The Düsseldorf Regional Labour Courtroom (Landesarbeitsgericht, LAG) has dominated {that a} “Corona quarantine” throughout ongoing go away doesn’t mechanically result in the next granting of go away pursuant to part 9 of the Federal Go away Act (Bundesurlaubsgesetz, BurlG) – LAG Düsseldorf, 7 October 2021, docket quantity 10 Sa 867/21.
1. Information
The plaintiff was on authorised go away when she examined optimistic for the Sars Cov-2 virus. The well being authority issued a discover ordering quarantine and in addition said that the plaintiff was now thought-about sick within the sense of part 2 no. 4 of the An infection Safety Act (Infektionsschutzgesetz, IfSG). Nonetheless, the plaintiff didn’t have herself examined for incapacity to work. Nonetheless, she holds the view that the times of go away spent in quarantine (10 in whole) must be credited to her beneath part 9 BurlG. She due to this fact sought a declaration that she was nonetheless entitled to 10 days of go away for the 12 months 2020.
The Labour Courtroom dismissed the case. The plaintiff continued to pursue her declare on enchantment.
2. Ruling
The LAG dominated that the plaintiff was not entitled to the requested declaration. Part 9 BurlG distinguished between sickness and incapacity for work: Not each sickness led to incapacity for work. Nonetheless, the plaintiff had not supplied proof that she was unable to work. Particularly, the official discover stating that the plaintiff was in poor health throughout the which means of part 2 no. 4 of the An infection Safety Act was not ample for this function, so the court docket.
An identical utility of part 9 of the Federal Vacation Act (BUrlG) was additionally out of the query, as a result of the employer owed solely launch from work and cost of vacation pay throughout the scope of the vacation entitlement and never a “vacation success” (for instance, the likelihood to journey, and many others.). Occasions that subsequently intervene with go away are a part of the private danger of life and fall throughout the worker’s sphere of danger, the court docket expressed. The legislature had regulated exceptions in sections 9, 10 BUrlG.
There was no comparable curiosity in part 9 BUrlG, which makes the aforementioned exception within the case of incapacity for work as a result of sickness. It couldn’t sometimes be assumed that holidays couldn’t be restful within the case of a Covid 19 sickness, since delicate programs had been additionally attainable. Furthermore, restoration was additionally attainable in quarantine.

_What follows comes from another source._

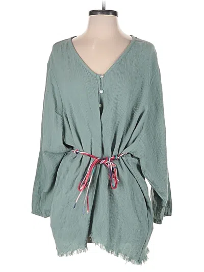 Zara Romper, Size: Medium. Item Details: Green, V-Neck, Wide Leg, Long Sleeve, Women's Dresses, Viscose/Cotton/Linen

Because of the authorized query of whether or not sickness with COVID-19 with out licensed incapacity for work permits a similar utility of part 9 BurlG, the LAG allowed an enchantment to the Federal Labour Courtroom with out it being obvious that that is pending.
3. Conclusion
The choice is to be welcomed. Not each sickness results in incapacity for work. No exception will be made to this within the case of Covid-19.
As well as, the quarantine order can’t play any function on this context: Quarantine doesn’t essentially forestall restoration, nor does it result in incapacity for work. Even when the worker can’t carry out his or her work within the residence workplace, within the case of an formally ordered quarantine it’s not the sickness that results in incapacity for work, however the official order. On this case, the worker is sufficiently protected by the compensation declare beneath part 56 IfSG.